Marché pétrolier sous forte pression: le Brent touche brièvement 126 dollars, l’échec des pourparlers États-Unis-Iran ravive le risque d’action militaire
Le Brent, référence internationale pour les prix du pétrole, a bondi de plus de 7 % lors des premiers échanges jeudi, atteignant 126 dollars le baril, son plus haut niveau en séance depuis 2022, lorsque la Russie a lancé son invasion à grande échelle de l’Ukraine.
Le baril américain de référence, le WTI, a lui aussi gagné plus de 3 % pour dépasser les 110 dollars.

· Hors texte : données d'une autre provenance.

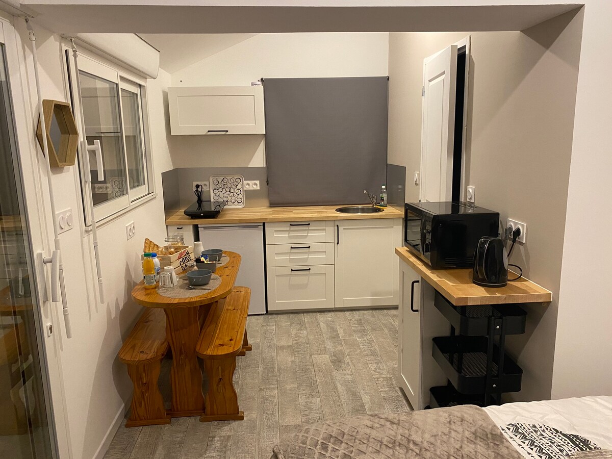 Kom og slapp av i denne hellige hytta, som ligger i hjertet av frukthagene i Sarthe! Vårt Tiny house er designet for at du skal kunne tilbringe en ekte flukt fra hverdagen sammen med din kjære, venner eller familie. Enten du beundrer solnedgangen eller stjernene i det nordiske badekaret, kan du nyte et unikt øyeblikk av avslapning. Tidlig om morgenen kan du nyte frokosten din (inkludert) på terrassen og i "kaffekroken".

Au moment de la rédaction, les cours se sont légèrement repliés, le contrat à court terme sur le Brent se négociant autour de 122 dollars le baril et le WTI aux environs de 108,5 dollars.
Les prix restent néanmoins à leur plus haut niveau depuis le début de la guerre en Iran.

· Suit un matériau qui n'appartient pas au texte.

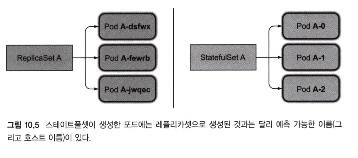 ㄴ 그룹의 특정 파드에서 동작하기를 원하는데 이런 이유로 스테이트풀셋은 거버닝 헤드리스 서비스를 생성해서 각 파드에게 실제 네트워크 아이덴티티를 제공해야 한다.

Cette flambée des prix du pétrole est la conséquence directe de l’enlisement des négociations sur la réouverture du détroit d’Ormuz, de l’absence de perspective claire de fin de la guerre et d’une probabilité accrue, en apparence, d’une reprise des opérations militaires américano-israéliennes.
Le président américain Donald Trump doit rencontrer jeudi le chef du Commandement central américain (CENTCOM), l’amiral Brad Cooper, et recevoir un exposé sur de nouvelles options militaires en Iran, selon le site Axios qui cite deux sources anonymes.
Cette réunion laisse entrevoir une possible nouvelle escalade au Moyen-Orient, la reprise des opérations de combat étant « sérieusement envisagée », et les marchés pétroliers ayant réagi rapidement à cette annonce.
Un cessez-le-feu tient depuis début avril, mais les dernières tentatives de négociation ont échoué, les deux camps refusant de se rencontrer. Dans le même temps, les États-Unis et l’Iran maintiennent chacun leur blocus du stratégique détroit d’Ormuz.
Le Commandement central américain aurait également demandé l’envoi de missiles hypersoniques au Moyen-Orient, ce qui constituerait le premier déploiement de ce type d’armement par l’armée américaine.
Le blocus prolongé des ports et la menace d’un élargissement des combats ont profondément remodelé les anticipations des marchés.
Opep et offre mondiale : un paysage en recomposition
Cette envolée des prix intervient sur fond de profondes mutations structurelles au sein de la hiérarchie pétrolière mondiale.
Début de semaine, les Émirats arabes unis se sont officiellement retirés de l’Organisation des pays exportateurs de pétrole (Opep) et de sa coalition élargie (Opep+), un choix que le pays présente comme nécessaire pour faire passer ses propres intérêts nationaux en priorité.
En temps normal, le départ d’un grand producteur du cartel pourrait laisser présager une hausse de l’offre ou une moindre stabilité des prix.
Mais l’ampleur même de la guerre en Iran relègue, aux yeux des opérateurs, le retrait des Émirats au second plan.
Malgré la sortie des Émirats, qui devait théoriquement affaiblir la capacité de l’Opep à contrôler les quotas de production, les prix ont poursuivi leur ascension.
Cela suggère que la « prime de guerre » l’emporte, à l’heure actuelle, sur tous les autres fondamentaux du marché.
Les investisseurs se préoccupent moins des jeux politiques internes aux pays producteurs que de l’absence immédiate de brut iranien, de la suspension des routes maritimes passant par le détroit d’Ormuz et des risques pesant sur les infrastructures régionales.
La transformation des Émirats en acteur indépendant souligne toutefois la fragmentation croissante de la gouvernance énergétique mondiale, au moment même où la sécurité énergétique de la planète apparaît particulièrement vulnérable.